Eating certain types of chocolate has positive effects on stress levels, mood, inflammation, memory and immunity, findings of two new studies have revealed.
Lee Berk, from Loma Linda University, and colleagues who conducted the two studies found that chocolate-influenced gene activity increased infection-fighting cells and anti-inflammatory agents. They also found that these treats can positively impact brain function such as creativity and cognitive functions.
"This is the first time that we have looked at the impact of large amounts of cacao in doses as small as a regular-sized chocolate bar in humans over short or long periods of time, and are encouraged by the findings," Berk said.
Berk and colleagues recommended chocolate with a high concentration of cacao: those with a minimum of 70 percent cacao and 30 percent organic cane sugar.
"The higher the concentration of cacao, the more positive the impact on cognition, memory, mood, immunity and other beneficial effects," Berk added.
Given the number and variety of chocolates available in the market, there are other things that consumers may want to consider when buying chocolates to ensure they get the healthiest possible treat.

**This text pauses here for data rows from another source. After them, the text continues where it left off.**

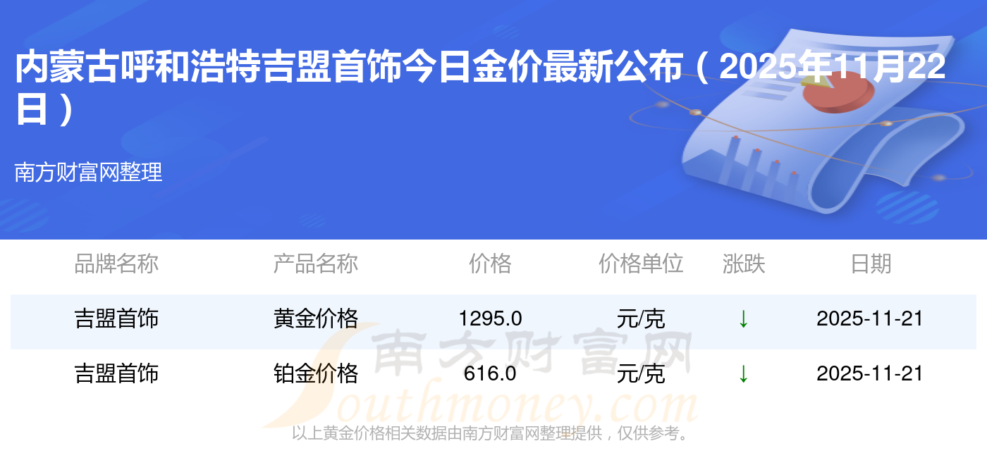2025年11月22日内蒙古呼和浩特吉盟首饰一克黄金的售价是多少:黄金价格1305.0元/克,铂金价格616.0元/克,饰品金价(内地)1305.0元/克,黄金饰品(香港)45110.0,铂金价格(香港)17570.0,金条价格(香港)40690.0,金条金价(内地)1143.0元/克,黄金价格1298.0元/克,铂金价格600.0元/克,足金价格1298.0元/克,黄金价格1266.0元/克。
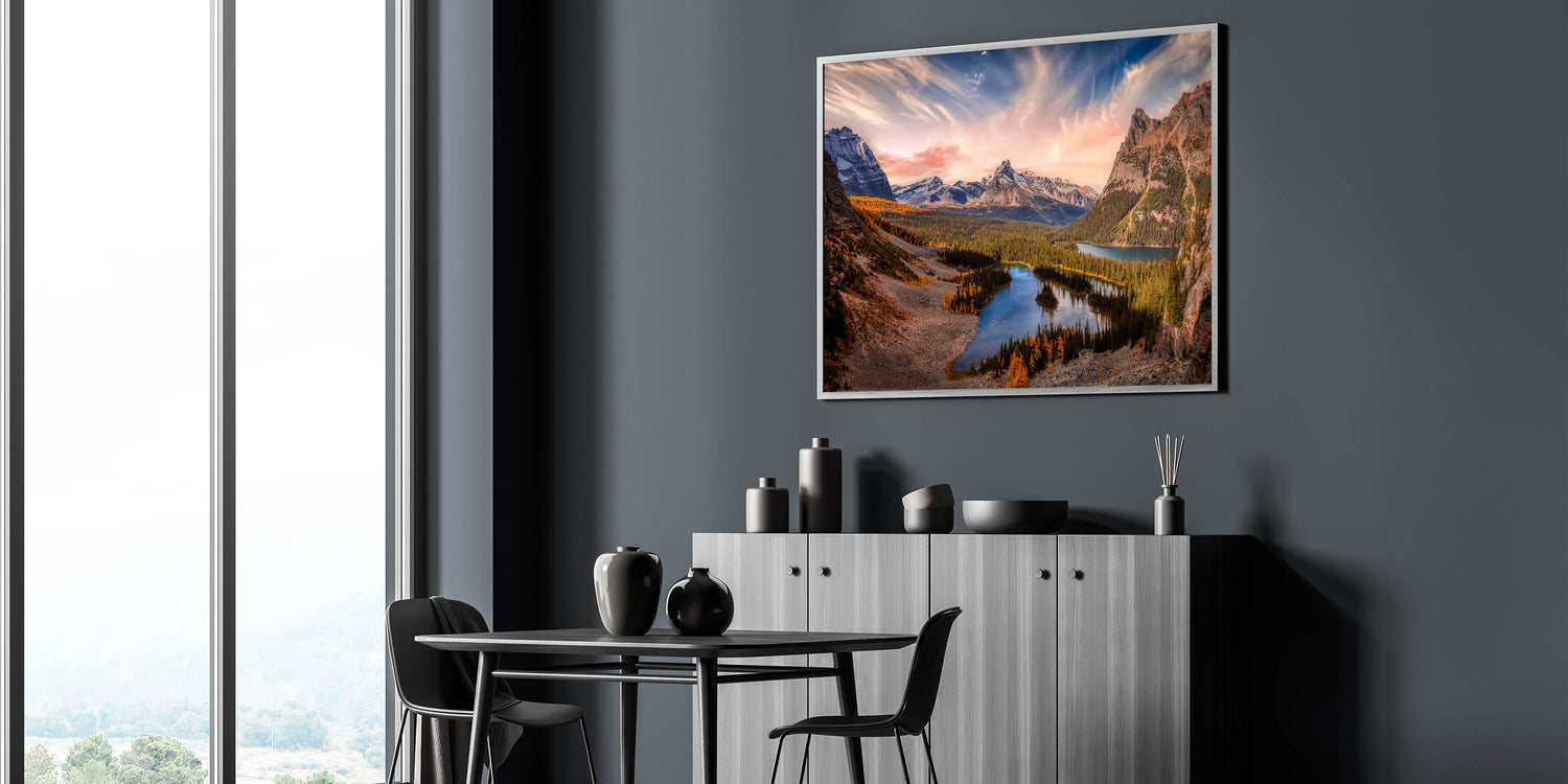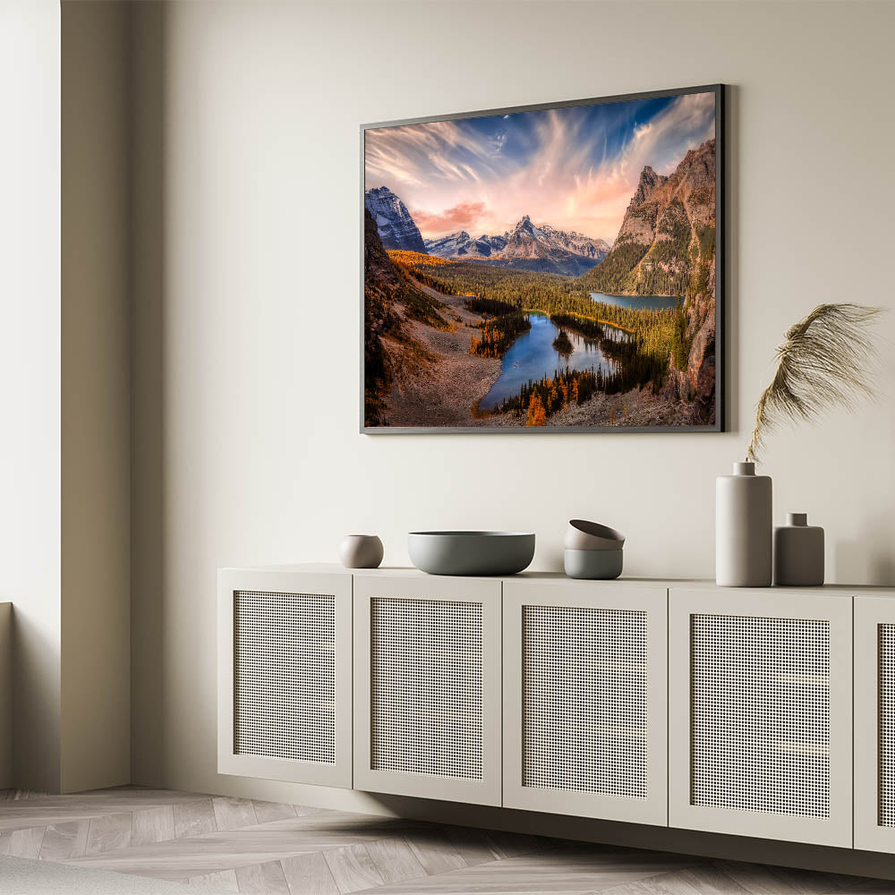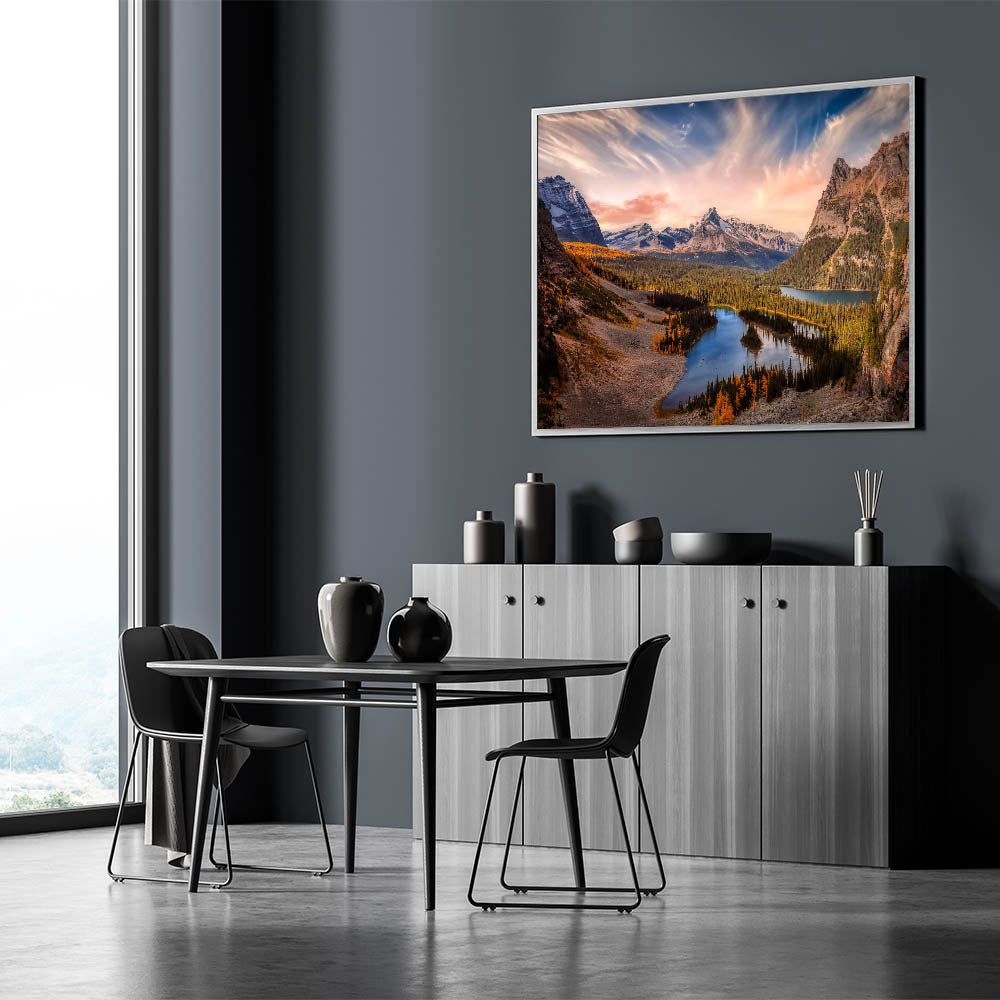 Immerse yourself in the grandeur of British Columbia’s wilderness with this stunning autumn mountain valley wall art. Featuring vibrant fall foliage, serene blue lakes, and towering mountain peaks, this breathtaking scene captures the natural beauty of Canada’s wild landscape. The warm hues of orange and yellow trees stand in contrast to the rugged mountains, creating a harmonious and captivating view. Perfect for nature lovers and those who want to bring the essence of the outdoors into their space, this artwork will make a bold statement in any room.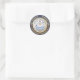 The national seal or coat of arms of the Marshall Islands, is set on a white background. The emblem is infused into a faux gold circle shape, and that, in turn, is nestled in the middle of a faux gold laurel wreath.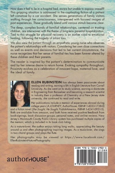 How does it feel to lie in a hospital bed, aware but unable to express oneself? This gripping situation is addressed in the captivating fiction of a patient left comatose by a car accident. She senses generations of family visitors wafting through her consciousness, interspersed with focused images of past experiences. These gradually blend until various stimuli become clear. The deep, complex bonds of familial relationships, centered on trusting children, are interwoven with the theme of long-term parental hospitalization. Tied to this struggle for physical recovery is an earlier road to emotional healing, following the tragedy of infant loss. We also view the patient through an empathetic young nurse who observes the patient's relationships with visitors. Considering her own close connections as well as events and decisions that led to her current circumstance, the nurse recognizes that her sense of familial ties has been forever altered by these children and their parents. The reader is inspired by the patient's determination to communicate and by her intense desire to return home. Evoking sympathy throughout, Proximity evolves as a celebration of innocent hope, maternal love, and the ideal of family.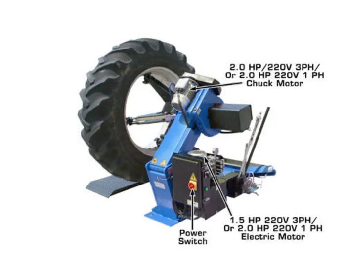 The powerful chuck 220 volt (+/- 5%, so 209-231 volts) single (1) phase motor and sophisticated hydraulic system delivers extraordinary torque and power to the Atlas TTC 303 truck tire changer. The 220 volt single (1) phase motor is the perfect choice for those tire stores where three (3) phase electricity is not available. Electrical voltage requirements are different in the USA compared to other countries. There may also be certain accessory items that need to be included for Europe, but are not needed in the USA.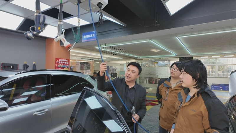 活动中,章雄伟带领同学们实地参观并体验了精细洗车、车辆美容、汽车维修、钣金油漆等核心业务,近距离了解汽车后市场的专业服务流程与技术标准。

It is best to go for dark chocolate with the fewest ingredients. Some ingredients are added to dark chocolate to improve the flavor, appearance, and shelf life. Some of these are harmless while others may have a negative impact on the quality of the chocolate.
Sugar is usually added to dark chocolate to balance the bitter taste. The rule of thumb is to choose chocolate that does not have the sugar listed first on their list of ingredients. Go for brands that list sugar last. Chocolates with a higher cocoa percentage also tend to have lower sugar content.
High-quality dark chocolate need not have any milk added to it except milk fat. Lecithin is neither required to make dark chocolate.
Dutching, a chocolate processing method that involves treatment with alkali, changes the color of the chocolate and reduce the bitter flavor. Studies, however, have shown that Dutching can significantly reduce the amount of the beneficial antioxidants in chocolate. Look for lines like "cocoa processed with alkali" when checking chocolate labels.
Choosing organic chocolate may reduce an exposure to pesticides used to spray on the beans and other artificial chemicals.